И в этом личном откровении мне помогла сама Евангела. Было мне около тринадцати или четырнадцати лет, когда в мой приезд на пасхальные каникулы, войдя в дом, я неожиданно обнаружил у нас Евангелу, и предчувствие, что она преднамеренно пришла к нам дожидаться моего прибытия, чуть не заставило меня прыгать от радости. И когда, наконец, мне удалось вырваться из объятий матери и сестры, чтобы подойти к ней, вдруг неизвестные доселе переживания всецело завладели мною – я задрожал и впал в оцепенение… 

– Да он же вырос! Прям-таки мужчина! – произнесла Евангела, пристально рассматривая меня. – И даже страшно обнять-то, не то, что прежде!

Эти её слова глубоко обрадовали, но и сильно смутили меня – я почувствовал себя запутавшимся. Я не только побоялся, как раньше, по детской своей привычке броситься к ней в объятия, но даже приблизиться к ней не решался.  Но ещё через мгновение я сумел преодолеть робость, мы обнялись, и Евангела поцеловала меня. Щёки мои зарделись, меня опалило изнутри – это были уже другие поцелуи: их как будто стало меньше, но показались они длительнее и словно бы в губы. 

Улыбаясь, она обернулась к моей матери:
– Ох, ну надо ж, как вытянулся, и нагибаться к нему не приходится, да и целовать теперь совсем негоже.

Мать ничего не ответила и даже не улыбнулась... Я же не осмелился потребовать разъяснений, хотя слова, сказанные Евангелой, мне показались не вполне понятными. Растерянность моя только возрастала, недоумение и вопросы не иссякали: почему я смущаюсь посмотреть ей в глаза? Отчего я стесняюсь её так, точно вижу впервые? Почему нельзя поцеловать?! А ведь с каким нетерпением мне хотелось стать большим! А что, если и нет в том никакого счастья – быть взрослым? Строгое молчание моей матери доказывало мне, что она больше всех была убеждена в том, что моему возрасту не годятся поцелуи и нежности. Сегодня, по прошествии многих лет, я понимаю, что Евангела пыталась выяснить отношение моей матери, та разгадала этот жест и промолчала в ответ, но это молчание оказалось красноречивым – мать скрывала неприятные мысли, о которых не хотела говорить вслух.

Вечером к нам пришла тётя, и я невольно подслушал, как мама жаловалась ей:
– Заявилась к нам Вангела, Деспины дочка, да как начала его целовать… Жаль, тебя не было – видела б ты её! Будто кровь из парня выпить собралась!

Тётя немного помолчала, а затем прибавила:
– Эта девка разве ж выйдет замуж?! Безмужняя всё шлёндает и жажда ейная теперича как безумие.

– И что ж теперь?! Силы моего ребёнка истощатся этим «ейным» безумием?

– Да то ж лихоманка у неё похотная, – принялась пояснять тётя и перешла почти на шёпот. 

Продолжение разговора я уже не слышал (мать выгнала меня из комнаты), но в дверях до меня донеслись её слова – неизвестные, таинственные, похожие на те, что были сказаны тётей, но по тому, как они были произнесены мамой, я догадался, что подразумевалось нечто очень грубое и злое. С тех пор я стал подозревать, что любви моей что-то угрожает, отчего начал беспокоиться и наперёд сильно расстраиваться.
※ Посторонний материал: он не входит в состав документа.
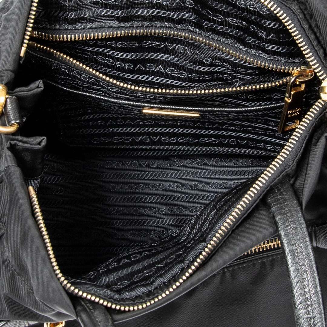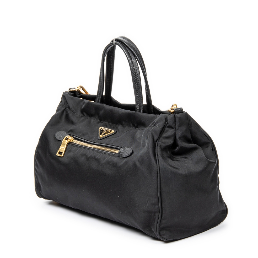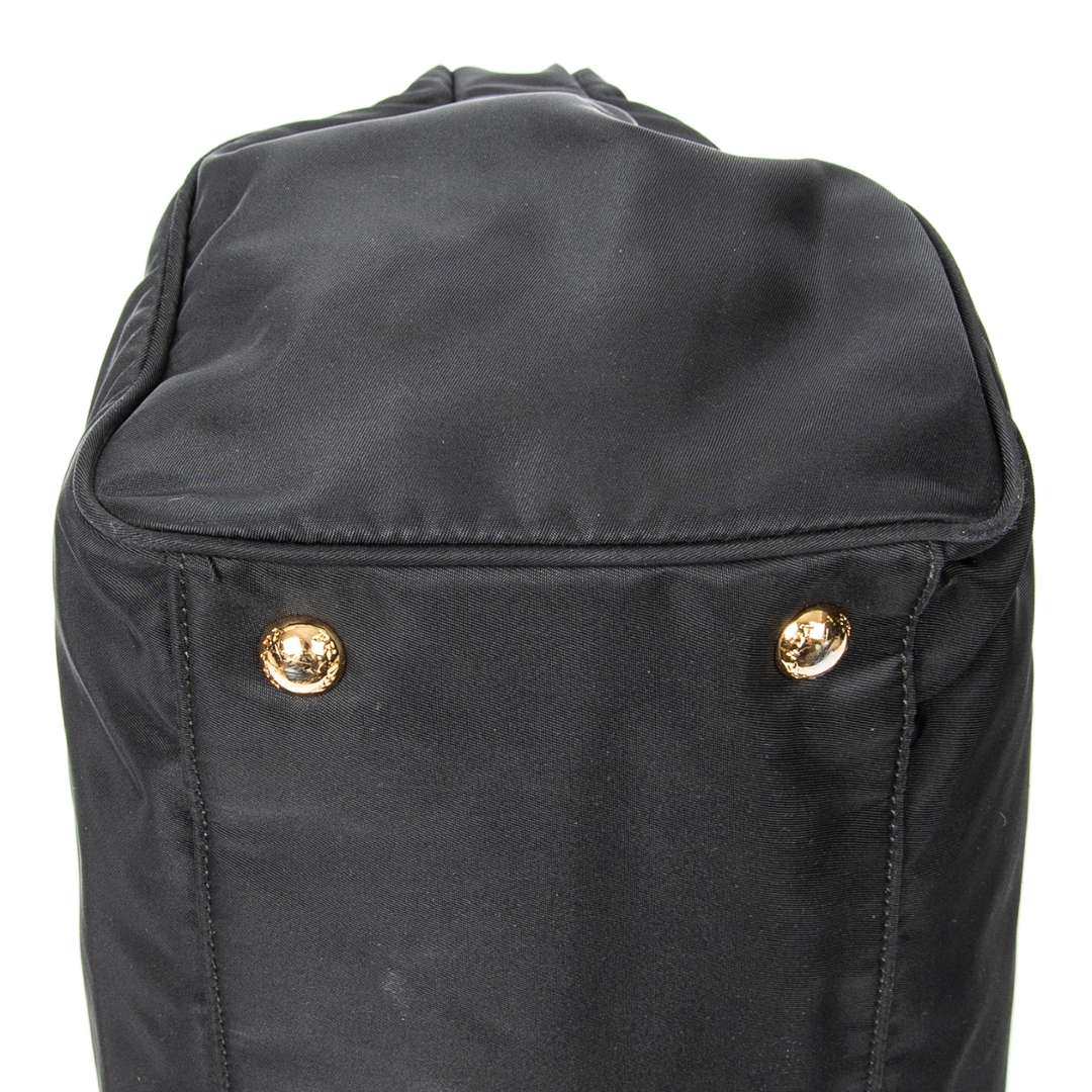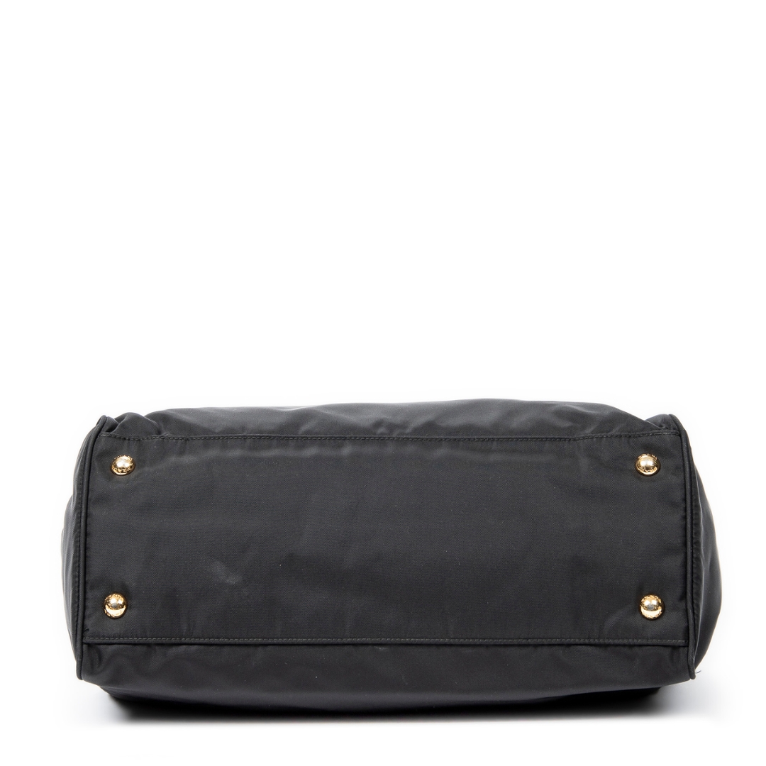 A vintage Prada black canvas 2 Way Zip Tote bag with a certificate of authenticity. Approximately 22cm height, 34cm width.

Шла Страстная седмица. В течение нескольких дней Евангела не появлялась в нашем доме, но мы несколько раз мельком виделись по дороге к церкви и на службах.

С наступлением Великого Пятка пришло время украшать Господню плащаницу. В воодушевлении звонкими компаниями разбрелись сельские девушки по утопающим в пышном весеннем цвете окрестным лугам и принялись собирать свои пёстрые благоуханные букеты. И был средь девиц негласный уговор, и каждая стремилась принести самое нарядное украшение, а пока плелись веночки, напевали они свои тихие девичьи песни. А уж после праздников, когда настал час разбирать плащаницу, сошлось к моменту много влюблённых охотников до тех цветов, а случалось, что двое иль даже трое тайных воздыхателей не могли поделить желанного букета, так что доходило и до рукопашных. Так с церковными обычаями были переплетены и те другие - особенные, кои занимали ласковым трепетом молодые сердца.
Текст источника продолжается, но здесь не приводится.